The main goal the LIFE-CLIVUT project is to establish constructive collaborations with the municipality administrations for the development of a green asset strategy by devising best practices and recommendations for the management of urban green areas, with the final aim of mitigating the local effects of climate change. This collaboration will help public administrations improve the knowledge of their urban green assets and enhance the climatic and ecosystem functions of green areas.

An urban green asset management system was built with data recorded through plant survey (including those collected by citizen science initiatives) on the dendrometric characteristics of existing and future urban trees, about their environmental and climate performances, as well as with the best management practices to enhance their ecosystem services.

The web app Clivut-Treedb was developed ad-hoc to enable both urban planners and citizens to improve their awareness about urban climate effects. It is based on plant data libraries (dendrometric information) for the main Mediterranean tree species that can be found in the project areas. This web tool will be used for the implementation of green assets strategies and highlight their environmental benefit, climatic effect and socio-economic impact.
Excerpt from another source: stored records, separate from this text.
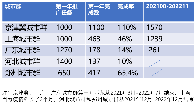 众所周知,氢燃料电池汽车作为氢能的先导应用,如今已经进入城市群示范推广的第二年。根据香橙会氢能数据库数据,从第一年推广情况来看,除了京津冀城市群超额完成之外,其他几个城市群完成情况均不理想(上海市因为疫情延长三个月完成目标)。详细如下: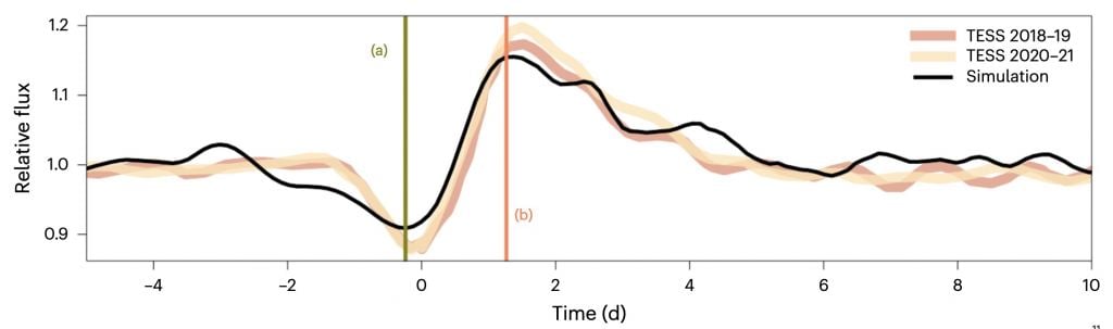 The first is that during the nearest part of their orbit, some of the atmospheric material from the large star is captured by the smaller one. Many close binaries can exchange matter, but what is unusual in this case is that the exchange triggers oscillations in the primary star. As the companion swings by, waves form on the surface of the primary star. These waves then cascade along the surface. The primary star rotates on its axis with a period of four days, so we see the waves pass along the star every few days. This explains the wobbling decay of the light curve.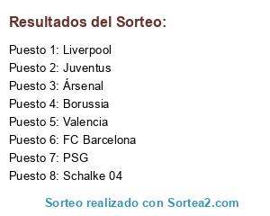 Lista de participantes: FC Barcelona, Liverpool, Valencia, Ársenal, Juventus, Borussia, Schalke 04, PSG.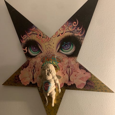 Blandede medier, Coco Electra , b: 40 h: 64, helt unik og meget smuk figur af danske anerkendte kunstner Coco Electra. Udskåret af pap og bemalet. (deraf rustik ujævn finish del af værket) one of a kind, originalt værk. måler 64 cm i højden.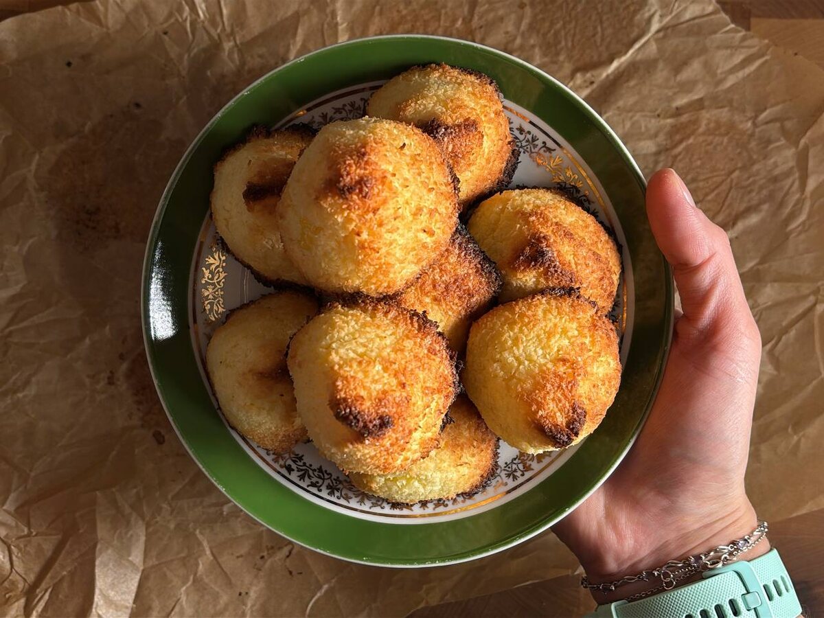Путешествие в... СССР, готовим кокосанки! Да-да, вы не ослышались, это лакомство придумали именно в СССР, во времена, когда сладости были более редкими гостями на столах людей. Не будем терять ни минуты, побежали готовить это простое и вкусное угощение! 1. Смешиваем все ингредиенты хорошенько, чтобы получилась однородная липкая масса. 2. Влажными руками формируем печеньки. Можно делать пирамидки, а можно в виде шариков, как удобнее! Выкладываем на пергамент. 3. Выпекаем на 190 градусах минут 10 (может потребоваться больше времени, следим, чтобы корочка стала золотистой, но не сгорела!) Достаем, остужаем, наслаждаемся! И стараемся не съесть все за один присест, но мы не осудим, если не получится :) Такой вот простой рецепт, приятного аппетита!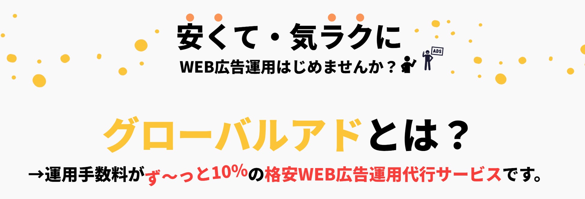 運用手数料10%の【格安】WEB広告運用代行サービス『グローバルアド』|中小企業のWEB集客課題を解決するお役立ちサービス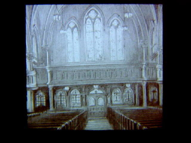 Interior of St. Charles Borromeo Church at Daniels and North Main Streets. View looking down from main altar.

Moreover, citizens and students will be involved in monitoring private urban green areas, and will receive climate-oriented and ecosystem-based guidelines to realise climate resilient areas. Finally, the use of the web app Clivut-Treedb will allow entrepreneurs to account for their emission and identify compensation measures bringing their activities toward the goal of zero emissions.

The results of the LIFE-CLIVUT pilot case study of plant census in four urban areas of Perugia, highlighted the importance of tree presence in urban environments and the ecosystem functions trees play in these contexts. Approximately 50% of the trees established in the urban parks of Perugia are medium-size trees. The large proportion of introduced species found in this study shows that no particular ecological properties nor their relations with the environmental conditions were taken into consideration before planting some decades ago (’70-’80). A rough selection of plants for the urban environment may also cause allergy problems to the citizens, because of the pollen of some species commonly introduced in the past, such as Cupressus, poplars, hazelnut and Fraxinus ([28], [35]). The choice of species based on ornamental rather than functional criteria may represent a great failure, and have become a key factor in urban forestry only in the last decades.
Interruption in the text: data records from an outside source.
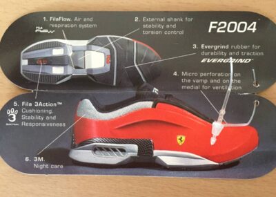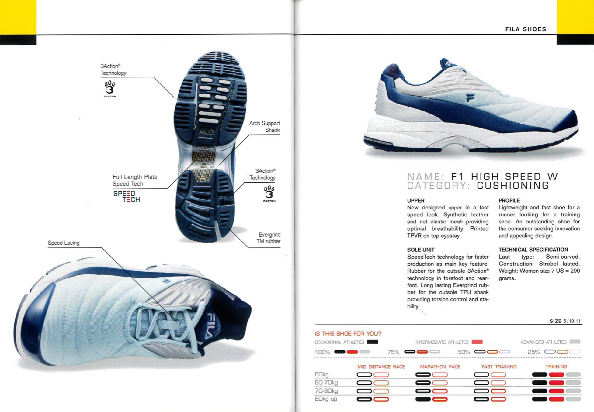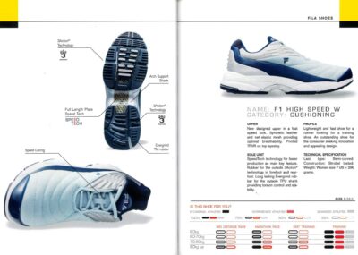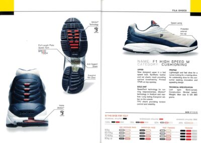 It was called the F1 High Speed, Fila putting the Carbon-Kevlar plate into the existing F1 model that released in 2000. Both models featured distinctive motorsport styling thanks to the talents of Stefano Favaro, who joined Fila in 1998. Runner’s World were positive in their review, saying the Carbon-Kevlar plate gave the ride smoothness and added propulsion. Cushioning was also praised, with the F1 High Speed featuring 3A cushioning, an update of the 2A cushioning system, using elastomer to improve on overall performance.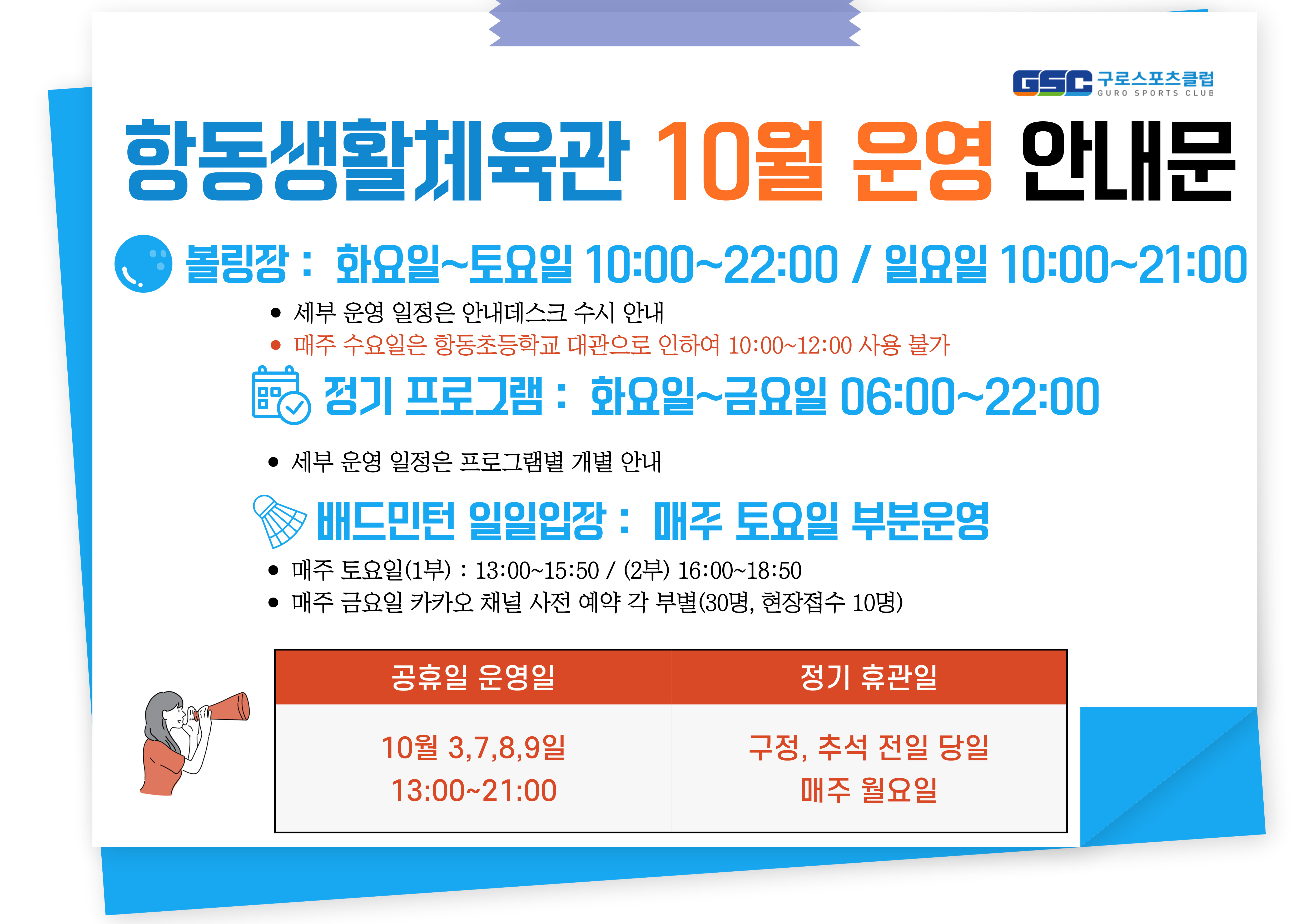 [항동생활체육관] 10월 운영 안내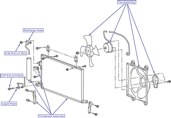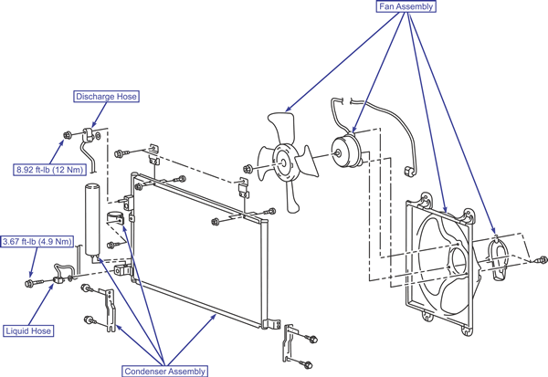 | Condenser & fan assembly removal/installation (3.8L shown)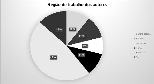 As revistas nos quais os artigos foram publicados foram na maioria da região Sudeste, com índice pequeno na região Centro-Oeste e na região Sul, ainda menor na região Nordeste e nenhum na região Norte. Na distribuição de região das instituições dos autores, 47% foram da região Sudeste, 13% da região Sul, 11% da região Norte, 10% da Centro-Oeste e 8% da Nordeste (Gráfico 3).
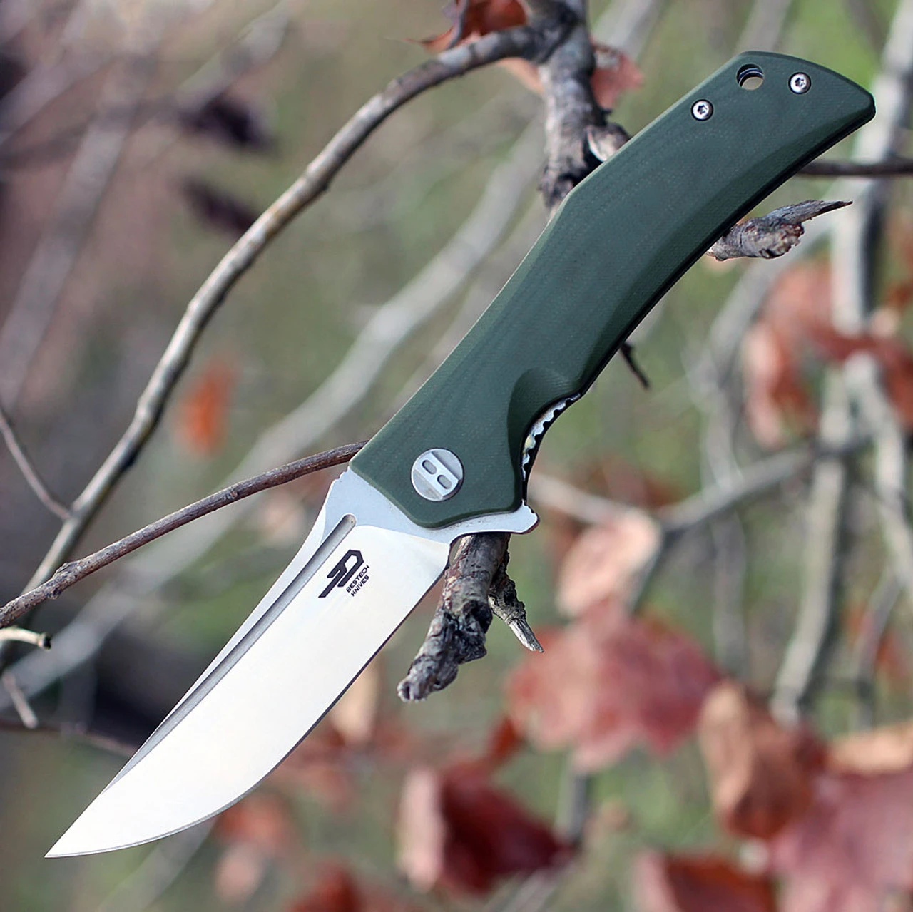 Bestech G05B1 Scimitar, 3.75″ D2 Plain Blade, OD Green G-10 Handle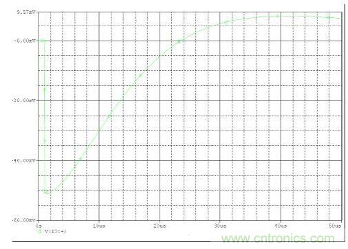下面是一個(gè)如何使用上述關(guān)系的示例。問題是根據(jù)200kHz開關(guān)電源10 amp變化幅度允許范圍內(nèi)的50mV輸出變化挑選一個(gè)輸出電容。所允許的峰值輸 出阻抗為:Zout=50 mV / 10 amps 或5毫歐。這就是最大允許輸出電容ESR。接下來就是建立所需的電容。幸運(yùn)的是,ESR和電容均為正交型,可單獨(dú)處理。一 個(gè)高 (Aggressive) 電源控制環(huán)路帶寬可以是開關(guān)頻率的1/6或30kHz。于是在 30 kHz 時(shí)輸出濾波電容就需要一個(gè)不到5毫歐的電抗,或高于1000uF的電容。 圖2顯示了在5毫歐ESR、1000uF電容以及30 kHz電壓模式控制條件時(shí)這一問題的負(fù)載瞬態(tài)仿真。就校驗(yàn)這一方法是否有效的10amp負(fù)載變動(dòng)幅度而言, 輸出電壓變化大約為52mV。

The trees present in the considered urban parks showed a fairly high potential in carbon sequestration as inferred from their dimensions at the time of census. In this study, several species characterized by abundant vascular tissue rich in lignin at the adult stage, such as Pinus pinea, Quercus ilex, Q. pubescens, Ulmus carpinifolia, Populus alba and Aesculus hippocastanum showed the highest estimates of CO2 stored. In these species, cell wall deposition and lignification mainly ensure carbon is stored in stem woody biomass ([6]). A future study will also consider the potential growth rate of trees through allometric equations to determine possible scenarios for the different study areas ([27]).
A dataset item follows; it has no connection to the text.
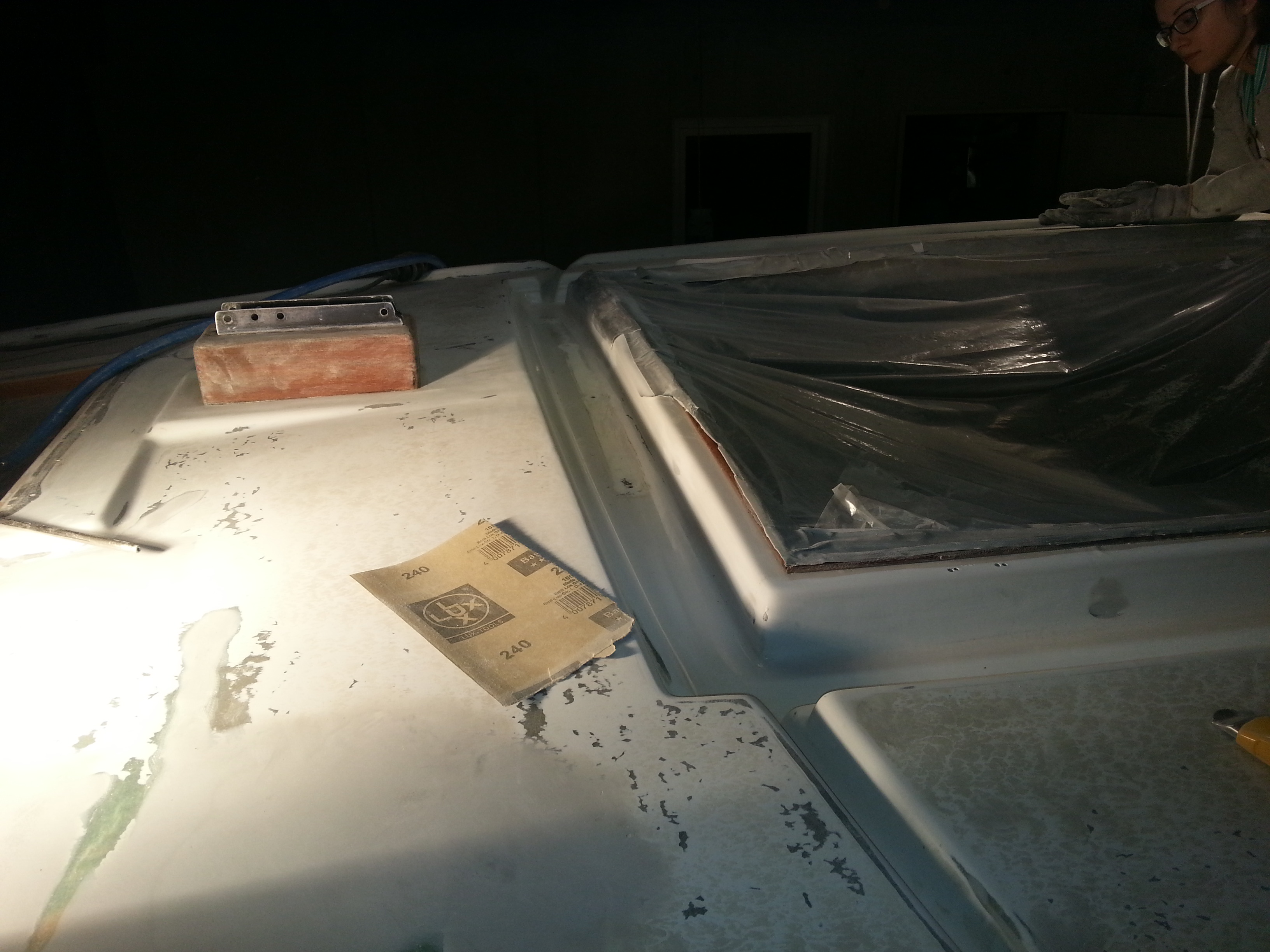 13.09.2016, 18:15 – 21:30, 2h45min: Schadstellen schleifen + Motorschachtdeckel

The PM absorption values of trees estimated in this study appeared similar to those reported in previous studies, in particular with those where the PM adsorption of trees are reported in g tree-1 or μg cm-2 ([24], [29]).

Paoletti et al. ([24]) calculated the PM values per tree in a study conducted in Florence (Italy), revealing a large difference between Carpinus betulus, with low PM10 values in the leaves, and Aesculus hippocastanum and Pinus pinea, which reached the highest particulate absorption values ([24]). Our results are in line with this evidence, in particular for Pinus pinea which had always the highest values among conifers in the study areas. In general, however, the two broadleaf Quercus tree species present in the study areas (Q. ilex and Q. pubescens) were the most effective in terms of PM absorption.

The estimation of the area potentially shaded by tree canopy is the first step towards a complex cooling index estimation which should also include the evapotranspiration. Wide tree canopy and high tree coverage result in a cooling effect compared to the surroundings ([25]). Yu & Hien ([36]) and Leuzinger et al. ([12]) reported that the air temperature in a park was strongly correlated to the density of plants. The trees in urban areas usually do not provide shade directly to buildings, but they may be close enough to affect the local microclimate by lowering the air temperature through evapotranspiration in summer and reducing wind speed (in particular, evergreen species) and heat loss from buildings in winter. This is true especially in a hilly urban environment such as that of Perugia, which is characterized by cold winds blowing in winter. In this context, data are currently missing about the climate regulatory effect of trees not only on the urban air but directly on buildings in order to forecast energy consumption reductions.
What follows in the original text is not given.